Low-dose ketamine (LDK) may be useful for treatment for opioid-tolerant patients. We conducted a survey of patients and their treating clinicians regarding LDK for analgesia.


Survey data included the following: vital signs and pain score before and after LDK, demographics, and adverse effects. Treating physicians were queried about reasons for use of LDK and overall satisfaction.


Twenty-four patients were enrolled: 21 received LDK for analgesia, and 3 received LDK for sedation. Pain level on a visual analog scale (range, 1-10) after LDK was significantly decreased from 8.9 ± 2.1 to 3.9 ± 3.4 (P < .0001). Change in vital signs after administration of LDK was not statistically significant.

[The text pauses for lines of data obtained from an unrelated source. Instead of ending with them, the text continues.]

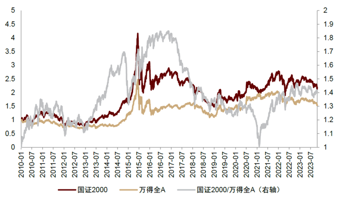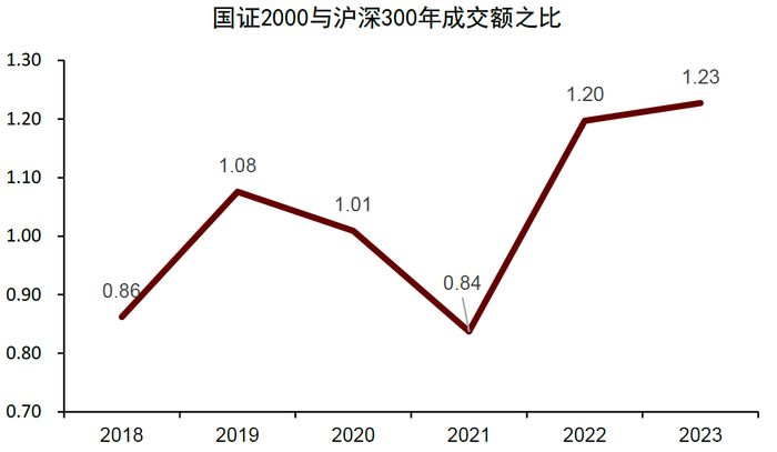 中小市值股票成交额上升,量化投资的边界逐渐扩充,但也存在边际收窄风险。上述分析的A股上市公司数量代表了量化投资的广度,但若小市值公司的成交额过低,则其可投资性较差,使得量化投资广度的提升无法转化为可投资边界的扩充。值得欣慰的是,中证2000指数的发布以及持续了近3年的微盘股行情,均令市场对于中小市值股票的关注度有所上升,对比国证2000指数年成交额和沪深300指数年成交额的比值,其由2018年的0.86上升至当前的1.23。中小市值股票成交额的放大,使得量化投资的边界得以逐渐扩充。值得注意的是,如果未来中小市值风格的强势无法延续或成交额边际下滑,则量化投资的边界或面临收窄风险。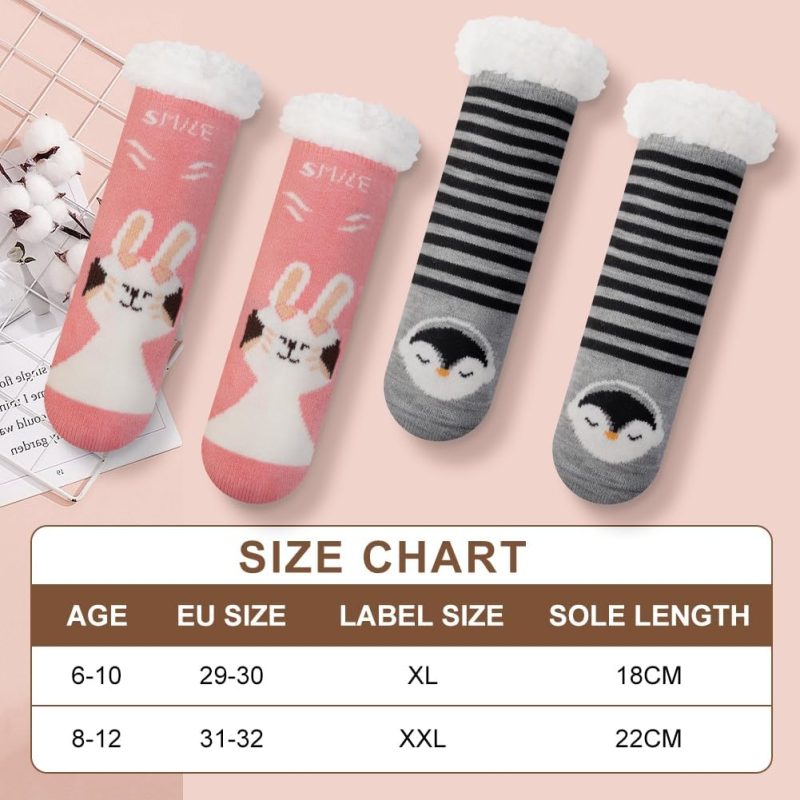 Keep your child’s feet snug and warm with the Kids Slipper Socks 2 Pairs Age 8-12 by HOTUT. Designed specifically for children in this age range, these slipper socks offer the perfect fit for comfort during those chilly indoor moments. Whether your little ones are lounging at home, enjoying a cozy movie night, or having a sleepover with friends, these socks ensure their feet stay cozy and protected.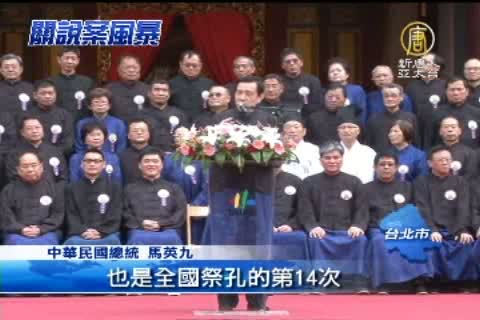 台北孔廟一早舉辦祭孔大典,台北市長郝龍斌擔任正獻官,依循37項古禮儀程隆重舉行祭孔大典。率部會首長參加的馬總統循古禮,國家元首走中門。還有大龍國小學生表演最受矚目的八佾舞。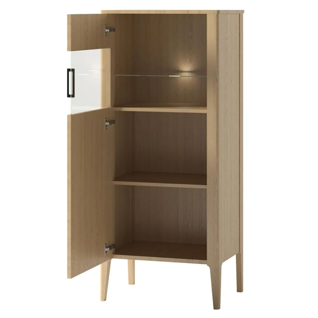 Witryna NAVARRA ma wysokość 132 cm, dzięki czemu jej górna część może stanowić półkę, na której postawisz ulubionego kwiatka, świeczki lub ramki ze zdjęciami.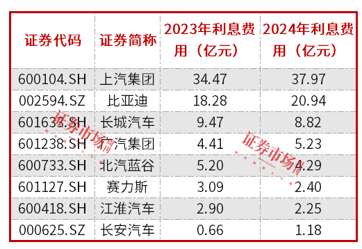 从财务成本角度观察,A股整车企业中,上汽集团的利息费用最高,其2024年利息费用为38亿元,相比2023年的34.5亿元增长了10%;其次是比亚迪,其2024年的利息费用为20.9亿元,同比增长了13%。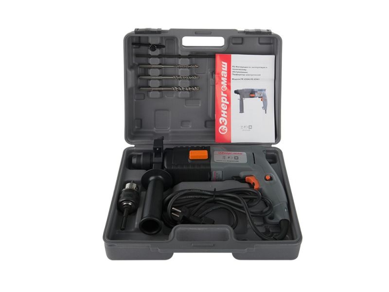 Перфоратор ЭНЕРГОМАШ ПЕ-25501 имеет мощный двигатель в 600 Вт с числом оборотов 850 в минуту, относится к бытовому классу. Инструмент предназначен для работ с такими материалами, как сталь, пластмасса, дерево, бетон. Наделен двумя режимами работы сверление с ударом и сверление. Удобный курок выключателя с колесиком, регулирующим скорость частоты вращения для оптимального выполнения различных работ. Перфоратор оснащен дополнительной рукояткой, которая может вращаться в диапазоне 360° вокруг оси патрона и фиксироваться в удобном для оператора положении.

Overall patient satisfaction with LDK was 55%, and overall physician satisfaction was 72%. Sixteen (67%) of patients would prefer LDK again, and 23 (96%) of physicians would use LDK again for analgesia. Four patients reported an adverse experience, but there were no emergence reactions. Race subanalysis revealed no difference in pain reduction, but whites were least satisfied compared with black and Hispanic patients (P = .02). Physician reasons for using LDK included opioid failure (88%), concern for respiratory depression (17%), concern for multiple opioid allergies (13%), and concern for hypotension (8%). Most (96%) physicians believed that LDK is underused.


Low-dose ketamine may decrease patients' perception of pain. Most were satisfied with LDK for this purpose and would use it again. Whites were least satisfied with the use of LDK for analgesia. Physicians believed that ketamine is underused.